Stored entries —
<<<<

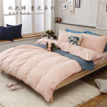 【R.Q.POLO】素色水洗棉-粉色 雙人標準薄被套床包四件組(5X6.2尺)
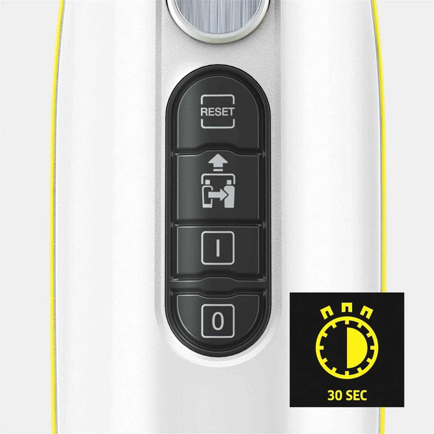 * Testy ukázaly, že při bodovém čištění po dobu 30 sekund při max. výkonu páry a přímým kontaktem s čisticím povrchem lze s parním čističem Kärcher odstranit 99,999 % obalených virů, jako je koronavirus nebo chřipka (s výjimkou viru hepatitidy B) na běžných hladkých tvrdých površích v domácnostech (testovaný zárodek: modifikovaný virus vakcína Ankara).
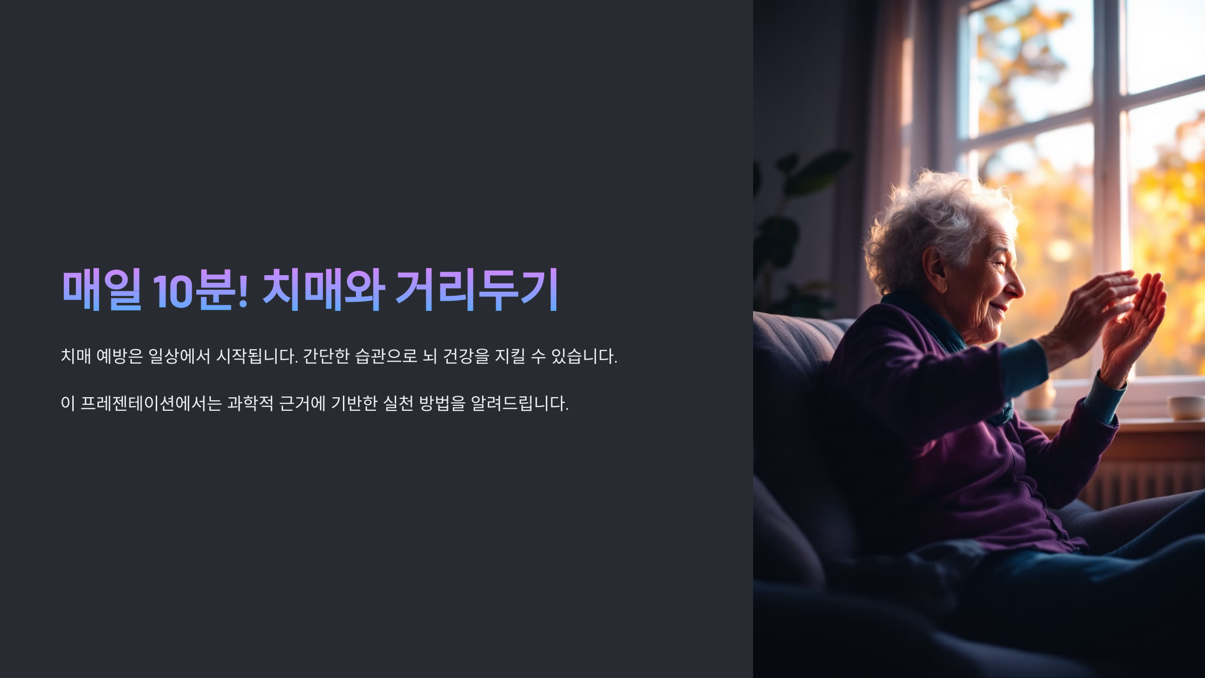 지금 당장 준비 운동 1분, 제자리에서 걷기 3분, 팔 돌리기 3분, 가벼운 스쿼트 3분이면 딱 10분이에요. 그 10분이 뇌에겐 ‘장기 보약’이 될 수 있어요. 내일도, 10년 뒤도 웃고 있는 뇌를 위해 시작해봐요!
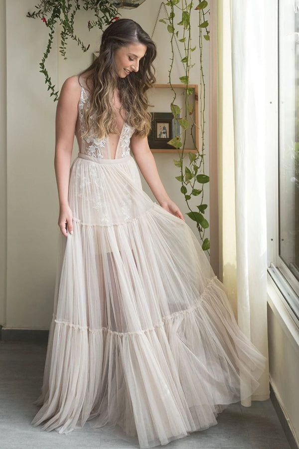 Embroidery A-Line Appliques V-neck Bohemain Tulle Wedding Dress.MW441
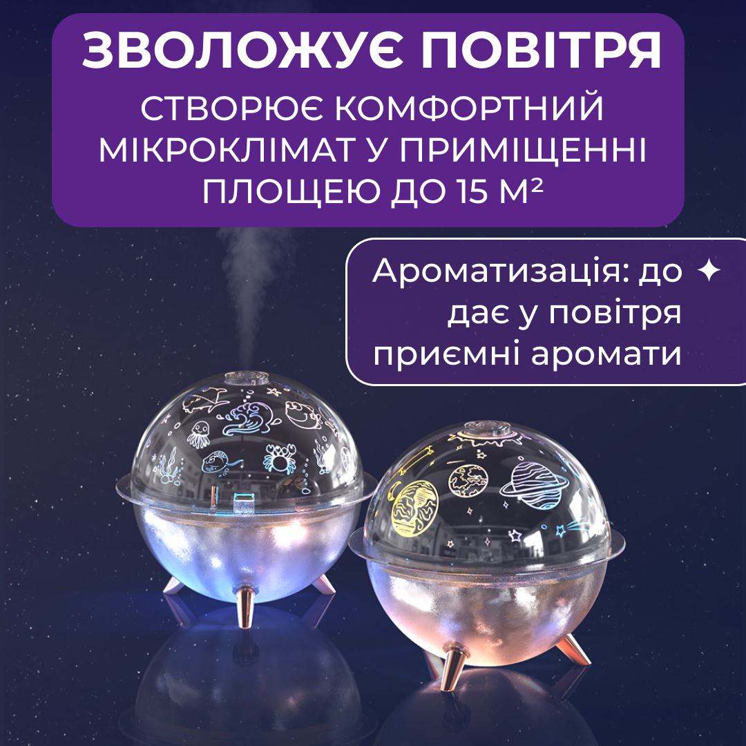 Бажаєте створити в кімнаті своєї дитини комфортну та затишну атмосферу? Тоді зволожувач повітря-нічник Star Lights Humidifier об'ємом 260 мл із проекцією – саме те, що потрібно. Пристрій має LED-підсвічування, яке проектує на стіни і стелю барвисті зображення сузір'їв і планет, завдяки чому малюк зможе засинати під зоряним небом, мріючи про далекі галактики.
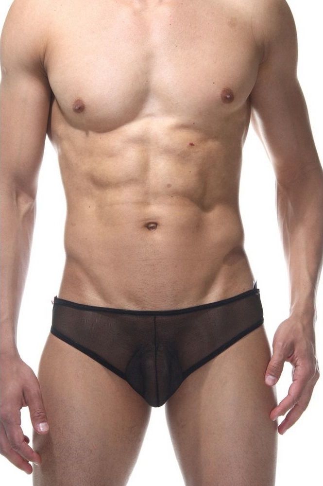 Мужские слипы, на ягодицах у которых три ряда кружев. Спереди трусы классической формы, из полупрозрачного черного материала.
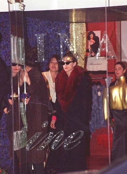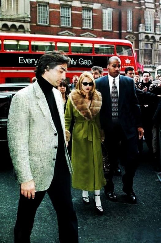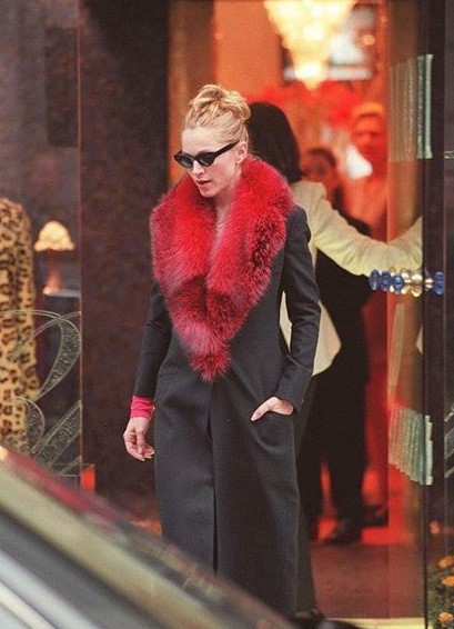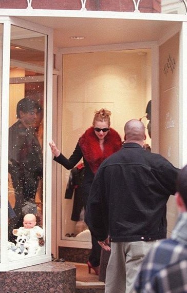 El Martes 17 de Diciembre, Madonna llega a Londres para continuar con su gira de promoción de «Evita». Se hospedó en el «Carlton Tower Hotel» y durante tres días, la cantante realizaría una serie de entrevistas y conferencia de prensa para promocionar el film. Pero antes, se tomó un tiempo libre para salir a recorrer la ciudad y realizar algunas compras de navidad junto a su manager Caresse Henry y su amigo, el director Alek Keshishian. Aquí la vemos luciendo un impresionante tapado con cuello de piel colorada de «Versace» mientras recorría la tienda «Bluemarine» de Anna Molinari.
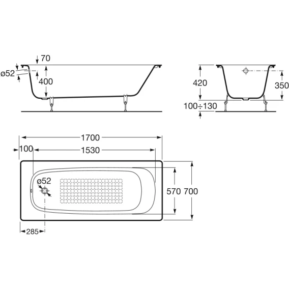 Ванна чугунная Roca Continental 21291100R 170x70 см, с антискользящим покрытием, белый
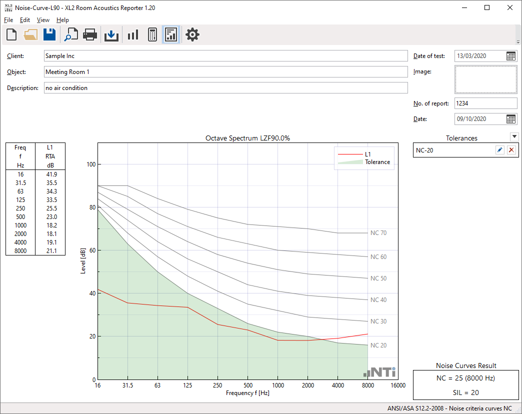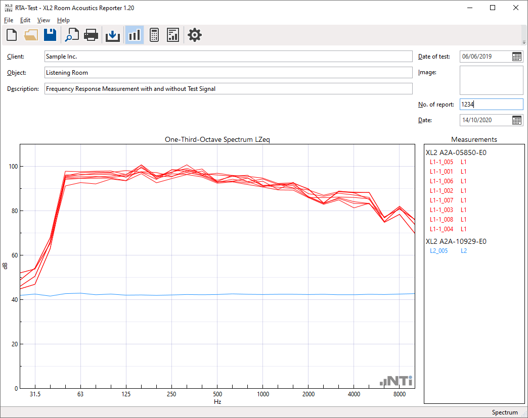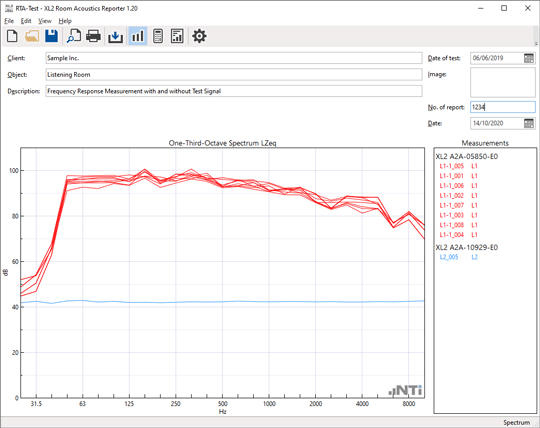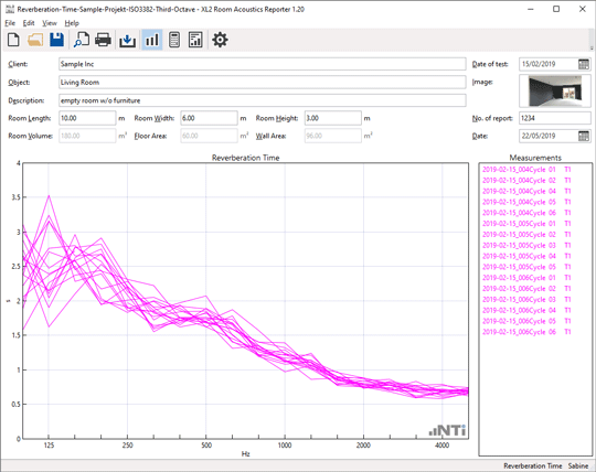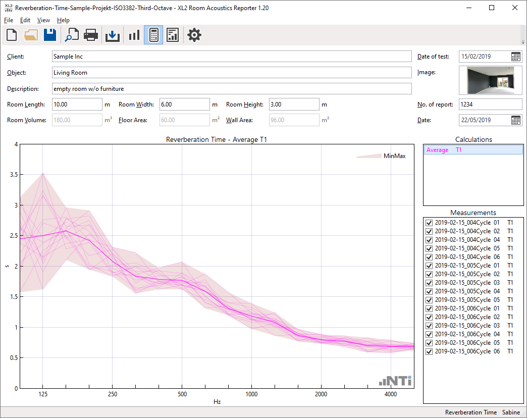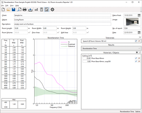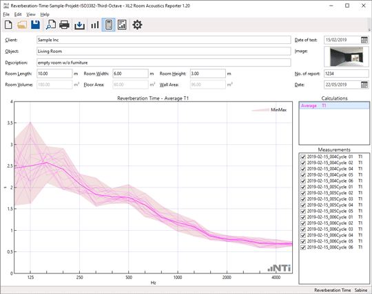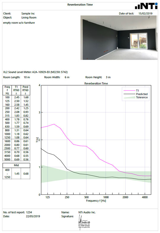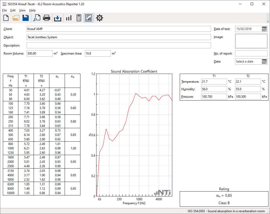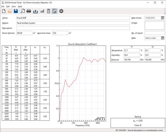 The reverberation time is measured with the Sound Level Meter, with and without absorbers in the room. Based on this data, the Room Acoustics Reporter software calculates the sound absorption coefficient according to the ISO 354, ISO 11654 and ASTM C423 standards. The standardized measurement report also gives the sound absorber class A-E and the single-number values NRC (Noise Reduction Coefficient) and SAA (Sound Absorption Average).
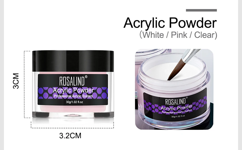 Характеристики Товара:Бренд: ROSALINDНазвание: кристаллический порошокОбъем: 10 г 30 гЦвет: 3 цветаИзлеченная: УФ/Светодиодная лампаИспользуется для: наращивания ногтей и резьбы ногтейВ комплекте: акриловый порошок * 3, акриловая жидкость * 2, стеклянная чашка * 1, акриловая кисть * 1Шаг за шагом:Шаг для наращивания ногтей:1. Нанесите базовый слой, вылечите светодиодный/УФ-лампой.2. Нанесите форму ногтя на ваш ноготь.3. Нанесите акриловый порошок акриловой жидкостью на гвоздь.4. Нанесите его на гвоздь. Подождите, пока он высохнет.5. Снимите форму ногтя.6. Обрежьте форму ваших ногтей.7. Нанесите верхнее покрытие, вылечите светодиодный/УФ-лампой.8. Отделка.Дизайн резьбы по ногтям шаг:1. Окуните кристаллический акриловый порошок акриловой жидкостью кисточкой.2. Приклейте его к ногтю и вырежьте. Подождите, пока он высохнет.3. Нанесите верхнее покрытие, вылечите светодиодный/УФ-лампой.4. Отделка.Примечание:1. Чистый объем составляет 30 г. Поскольку емкость бутылки составляет более 30 г, Кристальный акриловый порошок не будет полностью заполнен бутылкой.2. Плотно закрываются. Хранить в недоступном для детей месте.
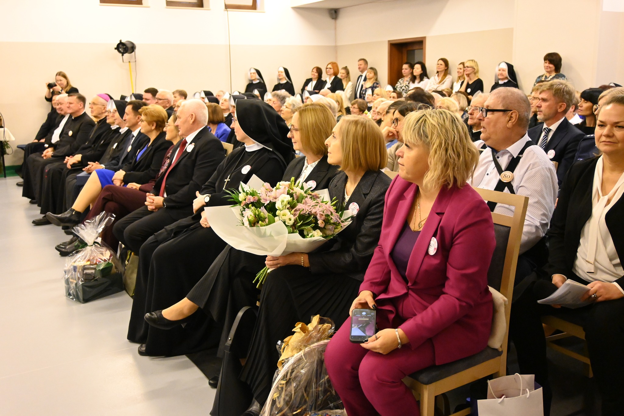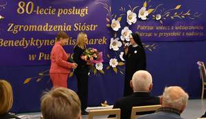 W wydarzeniu uczestniczyły także przedstawicielki Państwowego Funduszu Rehabilitacji Osób Niepełnosprawnych (PFRON), które podkreśliły znaczenie ośmiu dekad oddania i służby na rzecz potrzebujących. Obchody rozpoczęły się Mszą św. dziękczynną w parafii Miłosierdzia Bożego. Po liturgii zgromadzeni mieli okazję spotkać się z osobami, które przez lata były blisko Zgromadzenia — wychowankami, rodzinami, przyjaciółmi i współpracownikami. Na scenie wystąpiły utalentowane dzieci — ich prezentacje artystyczne dodały wydarzeniu blasku, wzruszeń i radości, stając się symboliczną ilustracją owoców wieloletniej pracy Sióstr. PFRON reprezentowały Panie: Agnieszka Kluś oraz Katarzyna Ostrzyżek. Przy tej okazji wręczyły Siostrom kwiaty oraz uroczysty grawerton z wyrazami głębokiej wdzięczności za niezwykłe dzieło, które od pokoleń niesie dobro, nadzieję i wsparcie osobom z niepełnosprawnościami oraz ich rodzinom. Podziękowania i gratulacje popłynęły również do wszystkich, którzy przez lata budowali to wyjątkowe dzieło — wychowawców, personelu placówek, rodziny, darczyńców i wolontariuszy. Od przybycia do Puław w 1945 roku, Siostry Benedyktynki Misjonarki nieustannie angażowały się w budowanie społeczności opartej na wsparciu, godności i solidarności. W ciągu ośmiu dekad utworzyły i prowadziły m.in.: Specjalny Ośrodek Wychowawczy im. s. Klary Staszczak, Niepubliczną Szkołę Specjalną Przysposabiającą do Pracy oraz Ośrodek Rewalidacyjno-Wychowawczy. To właśnie tam dzieci, młodzież i dorośli z niepełnosprawnościami znaleźli opiekę, edukację, terapię i życzliwe wsparcie. Dzisiejsze święto to okazja do podkreślenia, jak wiele dobra zostało zbudowane — często w ciszy, bez rozgłosu — a także wyraz wdzięczności za nieustanną gotowość do niesienia pomocy.
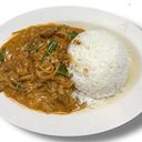 Tender boneless chicken in spicy sauce served over rice; satisfying heat and comfort
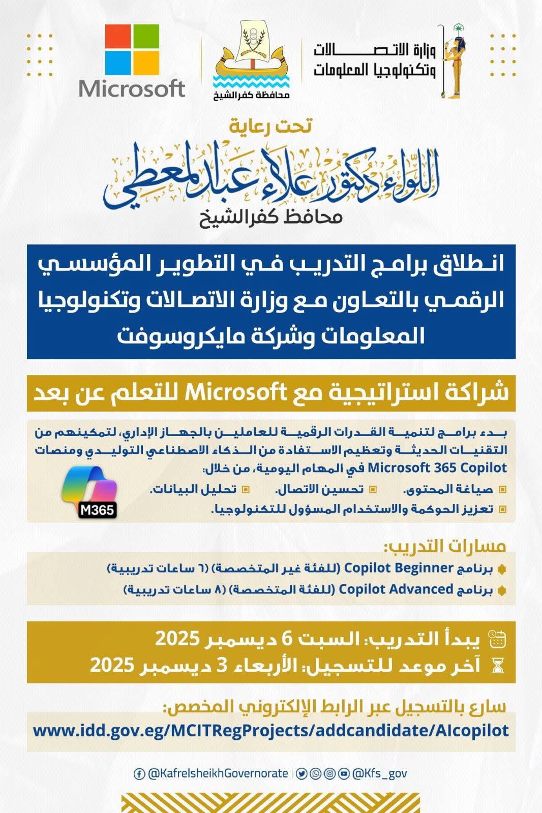 كفر الشيخ: تدريب العاملين على أدوات الذكاء الاصطناعي بالشراكة مع “مايكروسوفت”
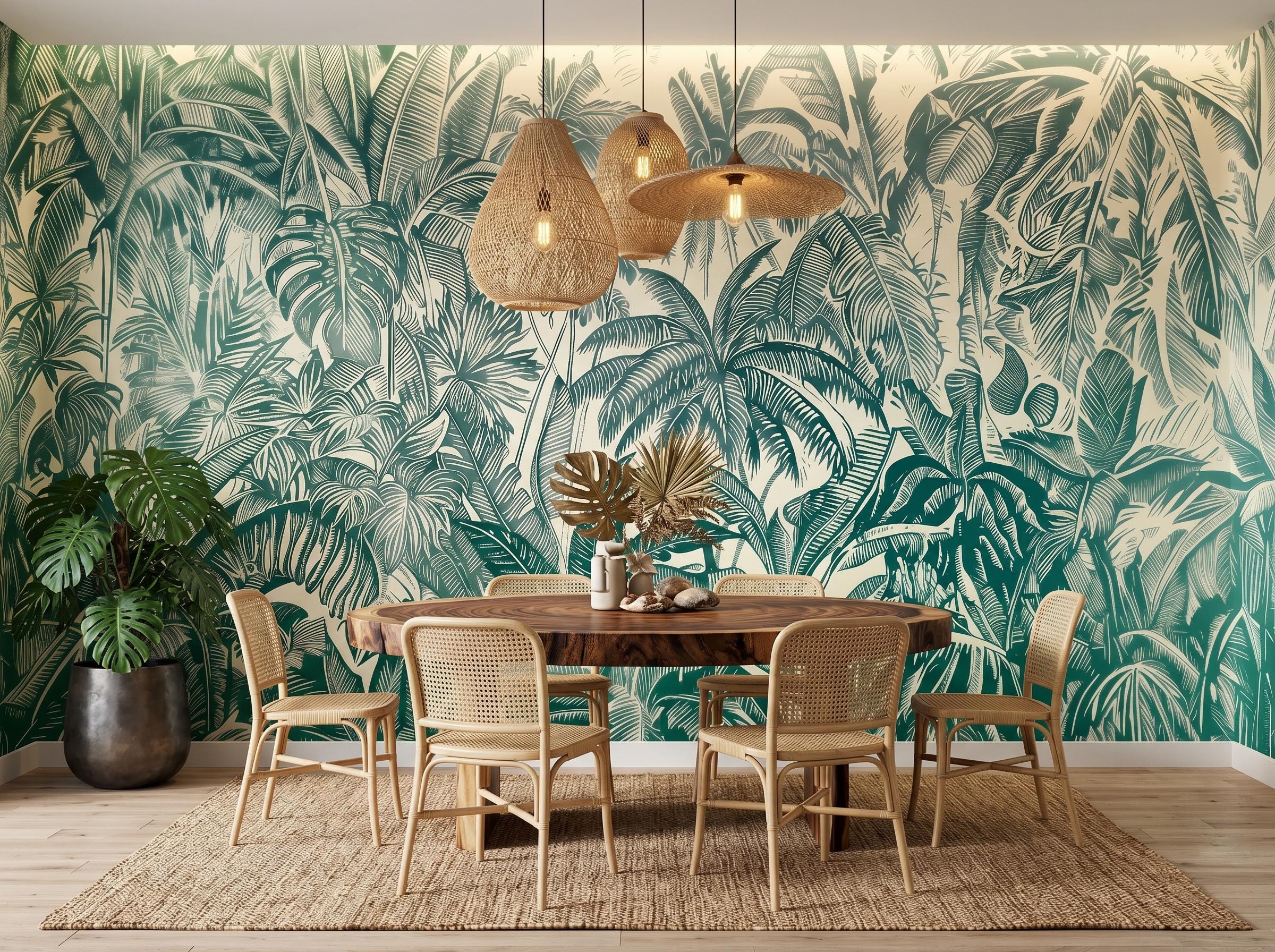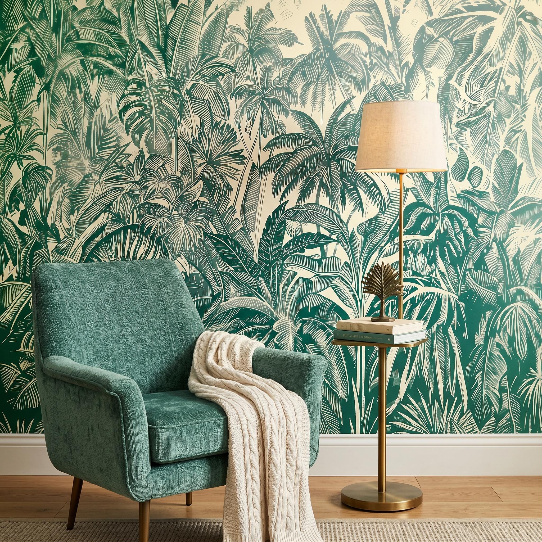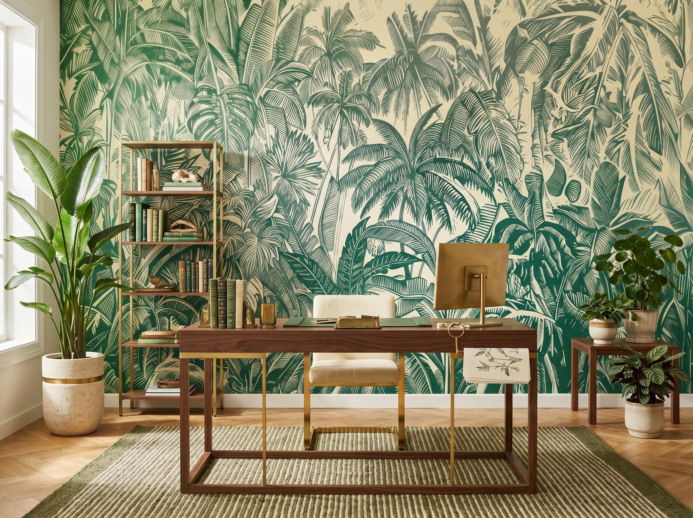 * 🌴 Lush Tropical Design: Intricate palm and jungle leaves create a vibrant and immersive nature-inspired wall
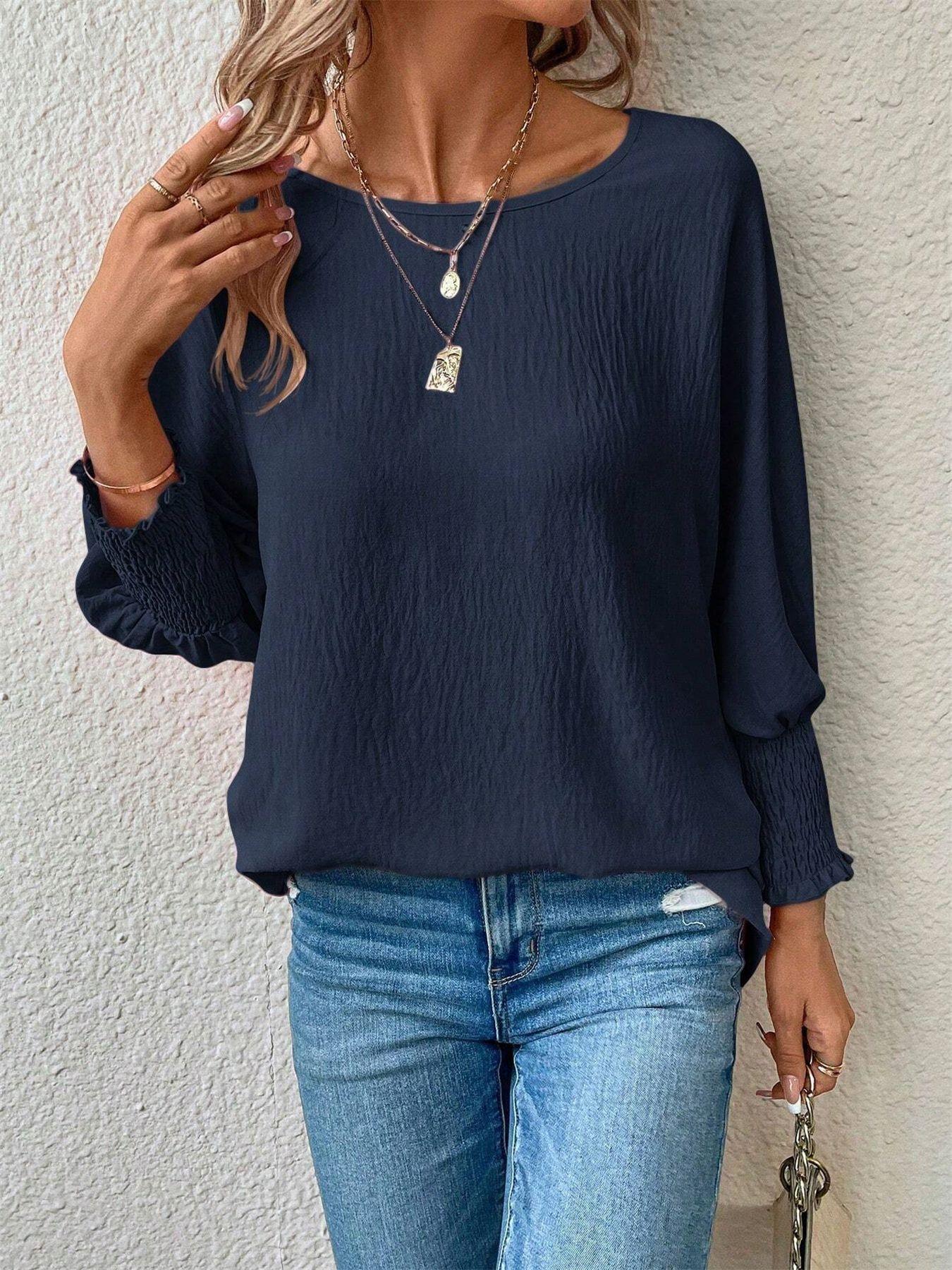 • Women's Elegant Crinkled Texture Long Sleeve T-Shirt Round Neck Loose Blouse With Smocked Cuffs Casual Solid Color Navy Blue Top For Spring Summer Fashion

>>>>

WHAT TO WORK ON — From the records above, copy exactly the stretch from the line holding "virus vakcína Ankara)." through the line holding "Мужские слипы, на", both ends included, without the pictures.

ANSWER SECTION —
 * Testy ukázaly, že při bodovém čištění po dobu 30 sekund při max. výkonu páry a přímým kontaktem s čisticím povrchem lze s parním čističem Kärcher odstranit 99,999 % obalených virů, jako je koronavirus nebo chřipka (s výjimkou viru hepatitidy B) na běžných hladkých tvrdých površích v domácnostech (testovaný zárodek: modifikovaný virus vakcína Ankara).
 지금 당장 준비 운동 1분, 제자리에서 걷기 3분, 팔 돌리기 3분, 가벼운 스쿼트 3분이면 딱 10분이에요. 그 10분이 뇌에겐 ‘장기 보약’이 될 수 있어요. 내일도, 10년 뒤도 웃고 있는 뇌를 위해 시작해봐요!
 Embroidery A-Line Appliques V-neck Bohemain Tulle Wedding Dress.MW441
 Бажаєте створити в кімнаті своєї дитини комфортну та затишну атмосферу? Тоді зволожувач повітря-нічник Star Lights Humidifier об'ємом 260 мл із проекцією – саме те, що потрібно. Пристрій має LED-підсвічування, яке проектує на стіни і стелю барвисті зображення сузір'їв і планет, завдяки чому малюк зможе засинати під зоряним небом, мріючи про далекі галактики.
 Мужские слипы, на ягодицах у которых три ряда кружев. Спереди трусы классической формы, из полупрозрачного черного материала.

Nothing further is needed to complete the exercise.